# Git: Make version control great again!  

## Sources for this tutorial
This tutorial is adapted from the [Version control for fun and profit](https://github.com/jakevdp/git-intro/blob/master/git-intro.ipynb) by Jake Vanderplas. 

Some of the images used below are copied from [A successful Git branching model](http://nvie.com/posts/a-successful-git-branching-model/) by Vincent Driessen.

## Git vs GitHub
Before going into how Git and GitHub work we should first make a distinction between them:

**Git** - Version control softwate that tracks and maganges changes in source code and other text based files.

**GitHub** - Hosting server for Git repositories, designed to enable collaborations between code developers.

For the first part of this tutorial we will focus on Git only before moving our repository to GitHub and exploring the edvantages this gives us.

## Setting up Git
Before we start using Git we need to set it up first. The only two options which are required is your name and email address which are used to identify your commits locally. These should be the same as your GitHub credentials if you intend to use it later. 

In [1]:
%%bash
git config --global user.name "Szymon Prajs"
git config --global user.email "S.Prajs@soton.ac.uk"

Something that isn't necessary but will make your life **a lot** easier is changing your default text editor. Git uses `Vi` as default and unless you were born in the 70s you probably either never heard of it or at least don't know how to close it without killing your terminal window. I use `Atom` which is a fantastic text editor currently taking the world by storm. 

It is written by the same developers as Git and GitHub and its main advantage is that uses `.git` files as its project managment files, allowing for code autocompletions and much more with absolutely no extra setup. 

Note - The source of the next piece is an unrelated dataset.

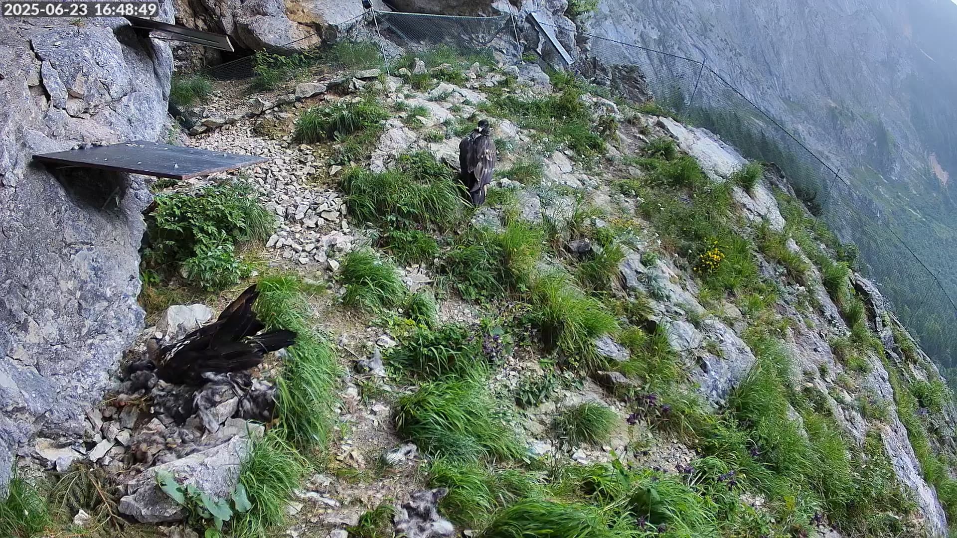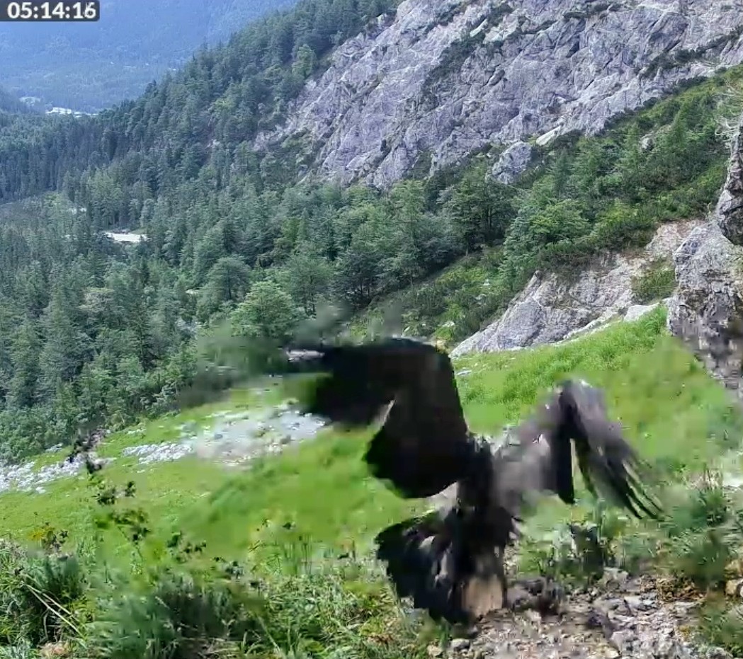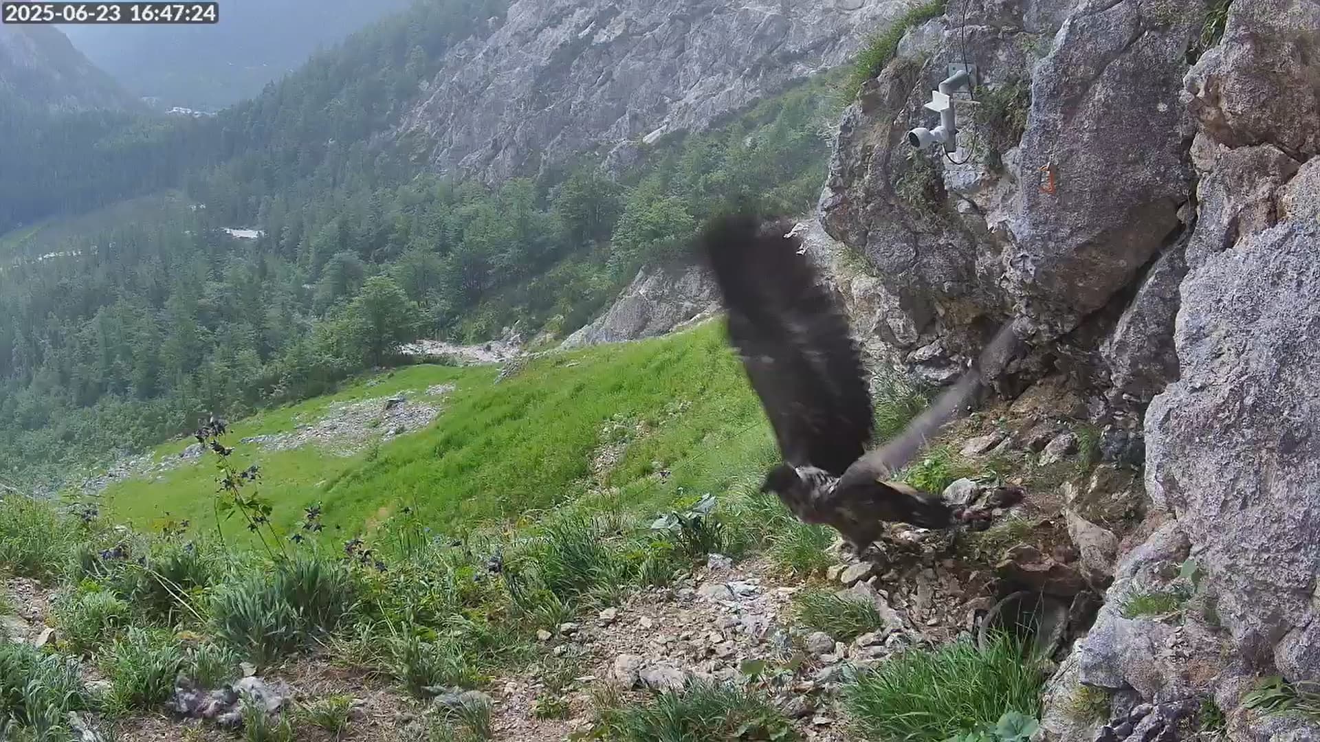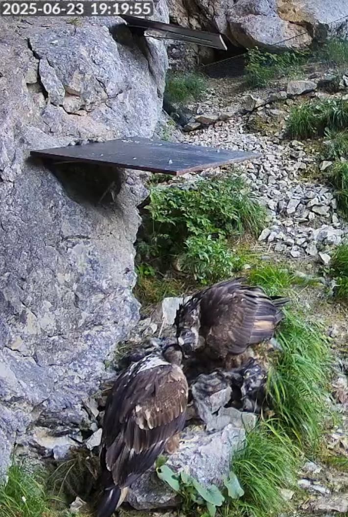 . Sie hat sich mit einem großen Knochen beschäftigt, aber immer wieder steht sie da und schaut in die Ferne. Zwischendurch war sie an der Tränke, aber da ist nichts drin, dann schaut sie wieder, trainiert ihre Flügel. Dann stoppte die Cam mehrmals, als sie wieder lief, war die Luisa weg - aber dann hab ich sie unterhalb der Kante gesehen

This is again just a single command:

In [2]:
%%bash
git config --global core.editor "atom --wait"

Last, and very optional, setting is to enable Git to colour the output. This is particularly useful for large commits and logs.

In [3]:
%%bash
git config --global color.ui "auto"

## Sample project

We can start by create a simple file to represent our project. From now on I will do most of the code changes in `Atom` and use this notebook as a terminal when using Git.

In [4]:
%%bash
cd ~/Projects
rm -r git-test; mkdir git-test; cd git-test

echo "Hello World" > first_file.txt
ls -a

.
..
first_file.txt


## `git init`

Now that we have an exciting project we can tell Git to start looking after it. It's as easy as:

In [5]:
%%bash
cd ~/Projects/git-test

git init

Initialized empty Git repository in /Users/szymon/Projects/git-test/.git/


Looking at the project directory you can see that a new folder has been added. It is **crucial** that you never delete this folder or you will loose all your version control history. Deleting it doesn't delete any of your code but if you do not use GitHub you loose all your previous code versions and all but your currect branch.

In [6]:
%%bash
cd ~/Projects/git-test

ls -a

.
..
.git
first_file.txt


We can now check what git sees in our project folder

In [7]:
%%bash
cd ~/Projects/git-test
 
git status

On branch master

Initial commit

Untracked files:
  (use "git add <file>..." to include in what will be committed)

	first_file.txt

nothing added to commit but untracked files present (use "git add" to track)


## `git add`

Git does not track any files in your project folder automatically. You have to specify which files you want it to follow. When possible it is always a good idea to add the files individually to avoid addinging any temporary files by accident. 

In [8]:
%%bash
cd ~/Projects/git-test

git add first_file.txt

However, you can force Git to add follow all files in your directory using the `--all` flag

In [9]:
%%bash
cd ~/Projects/git-test

git add --all

Now if we check the `status` of our repository again we see that it looks different. 

In [10]:
%%bash
cd ~/Projects/git-test

git status

On branch master

Initial commit

Changes to be committed:
  (use "git rm --cached <file>..." to unstage)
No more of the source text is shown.